>>>

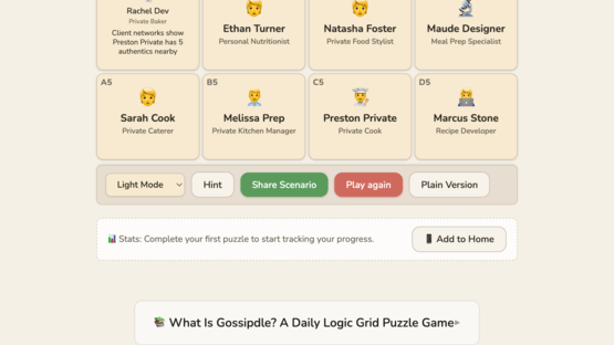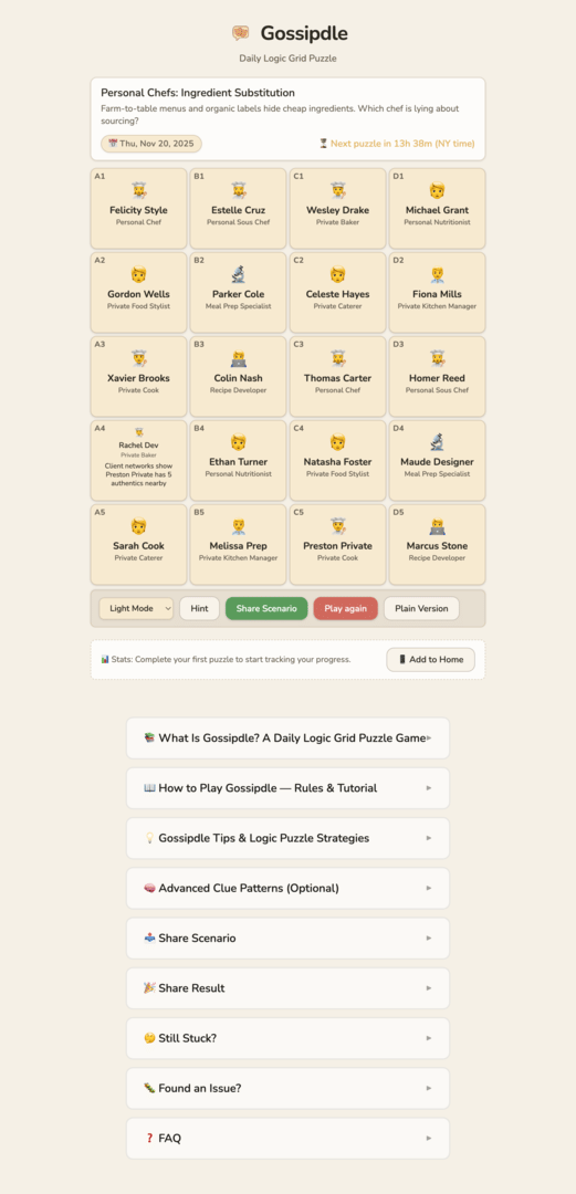 Gossipdle is a daily logic grid puzzle game inspired by Einstein's Riddle. Each day features a new puzzle with entertaining gossipy themes - from workplace drama to celebrity scandals. Use deduction to match people, objects, and clues. Share your results Wordle-style and compete with friends!
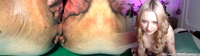 Dirtygardengirl in black fishnet fuck big dildo & ass-fuck prolapse
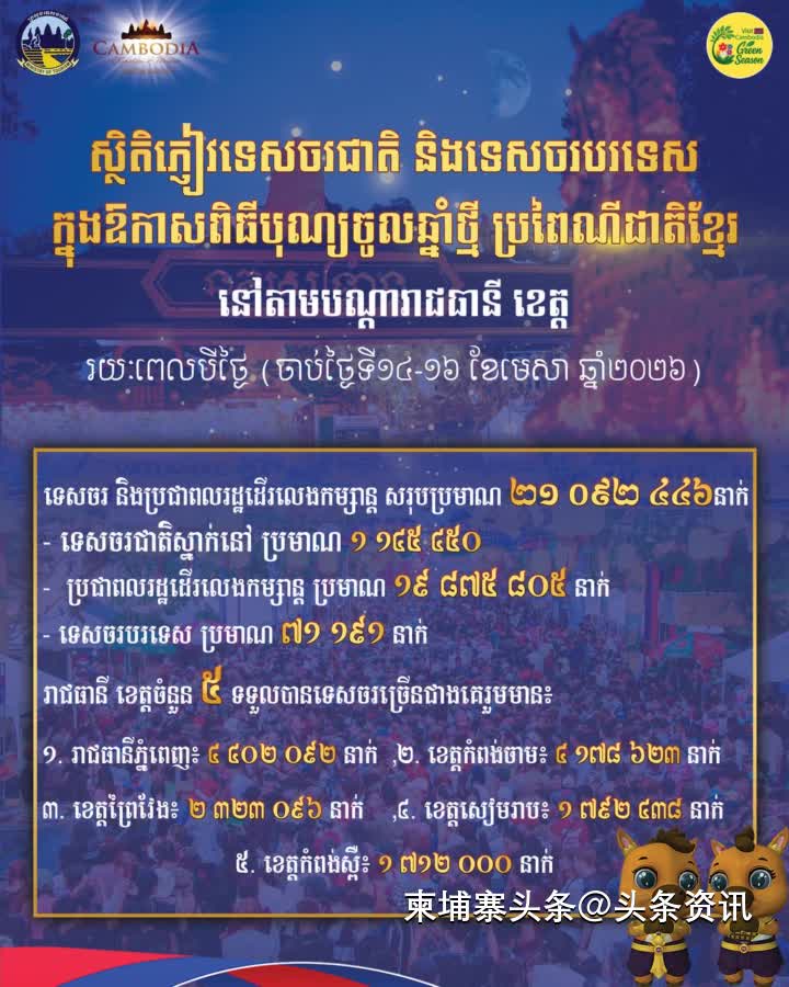 柬新年3天,全国各旅游景点共接待2100万游客人次!
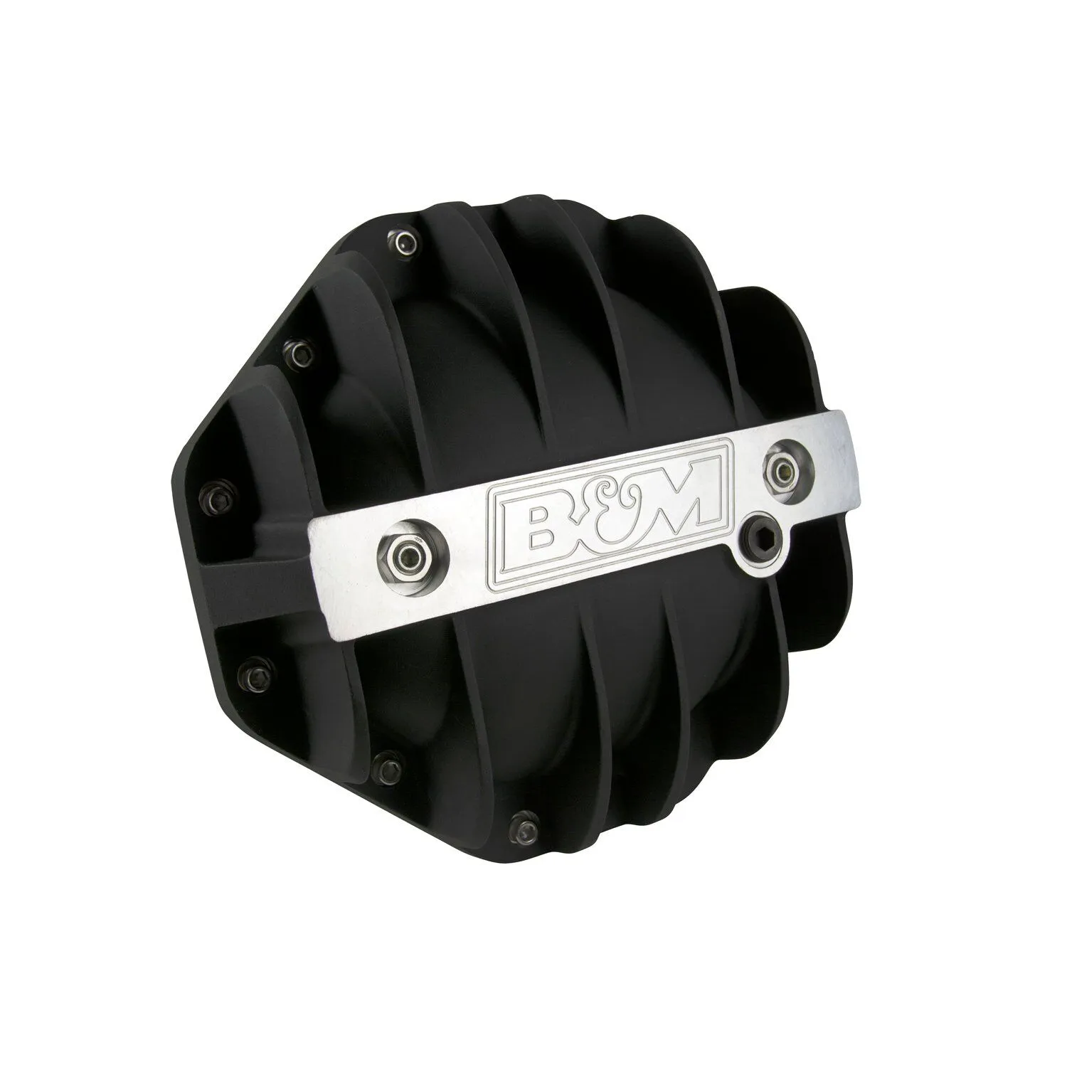Our engineers designed the line of Hi-Tek differential covers to not only look good but address a number of weaknesses of the factory-stamped steel covers. First, they started by constructing the covers of thick A356.0-T6 aluminum, which dissipates heat much faster than the factory steel unit keeping the fluid temperature lower under high-stress loads vs. a steel cover. Then for added durability, we added a reinforced center bar for extra strength along with load bolts to help prevent bearing cap deflection under severe loads. The internal shape of the cover retains the smooth round back internally to help keep the fluid flow going over the ring gear to properly lubricate the gears and bearings. Additional features include a magnetic drain plug for catching ferrous metal particles, MIL-Spec (MIL-A-8625) black anodized finish, machined B&M logo, and all necessary hardware and easy-to-follow detailed instructions for a quick and simple installation you can do at home.
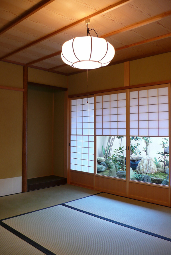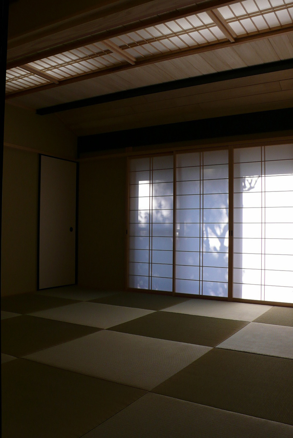 竹の奥には紙張障子がはまっている。
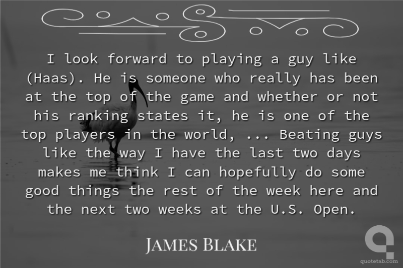I look forward to playing a guy like (Haas). He is someone who really has been at the top of the game and whether or not his ranking states it, he is one of the top players in the world, ... Beating guys like the way I have the last two days makes me think I can hopefully do some good things the rest of the week here and the next two weeks at the U.S. Open.
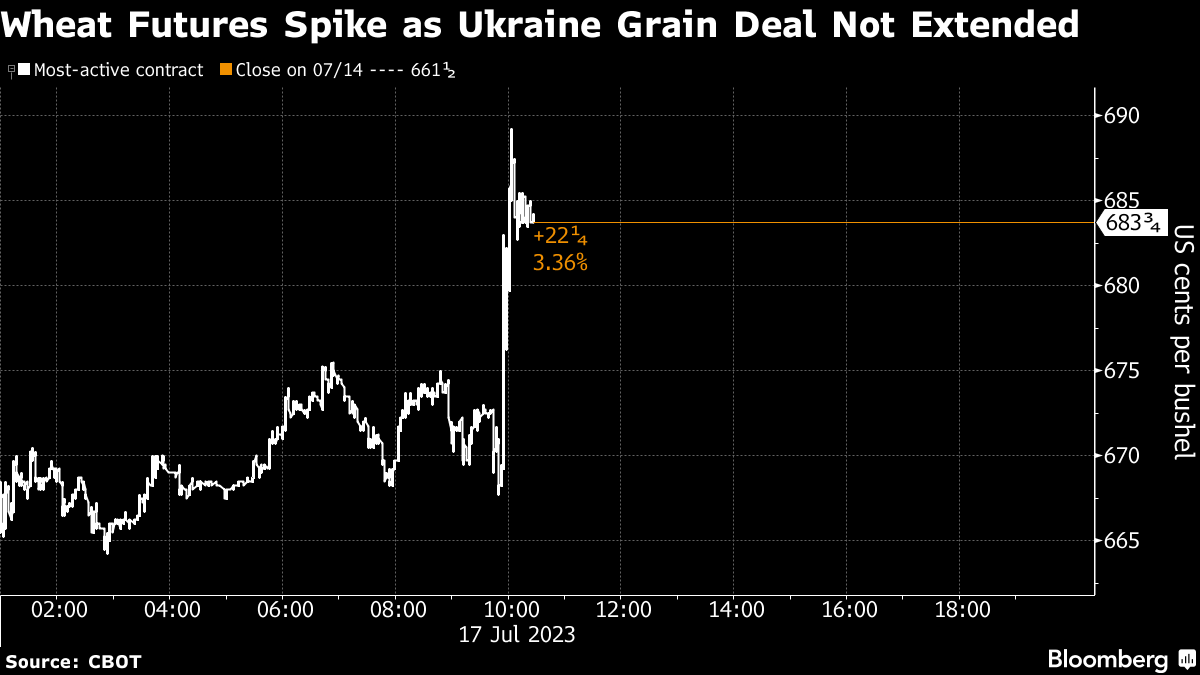 (Bloomberg) -- The Ukraine grain-export deal has ended almost a year into its run after Russia terminated the pact, heightening uncertainty over global food supplies and escalating tensions in the region.

<<<

Problem requirements
None of the pictures belong in the copy. Write out exactly the lines from the line that holds "竹の奥には紙張障子がはまっている。" through the last line of the listing above, both ends included.

Solved exercise
 竹の奥には紙張障子がはまっている。
I look forward to playing a guy like (Haas). He is someone who really has been at the top of the game and whether or not his ranking states it, he is one of the top players in the world, ... Beating guys like the way I have the last two days makes me think I can hopefully do some good things the rest of the week here and the next two weeks at the U.S. Open.
 (Bloomberg) -- The Ukraine grain-export deal has ended almost a year into its run after Russia terminated the pact, heightening uncertainty over global food supplies and escalating tensions in the region.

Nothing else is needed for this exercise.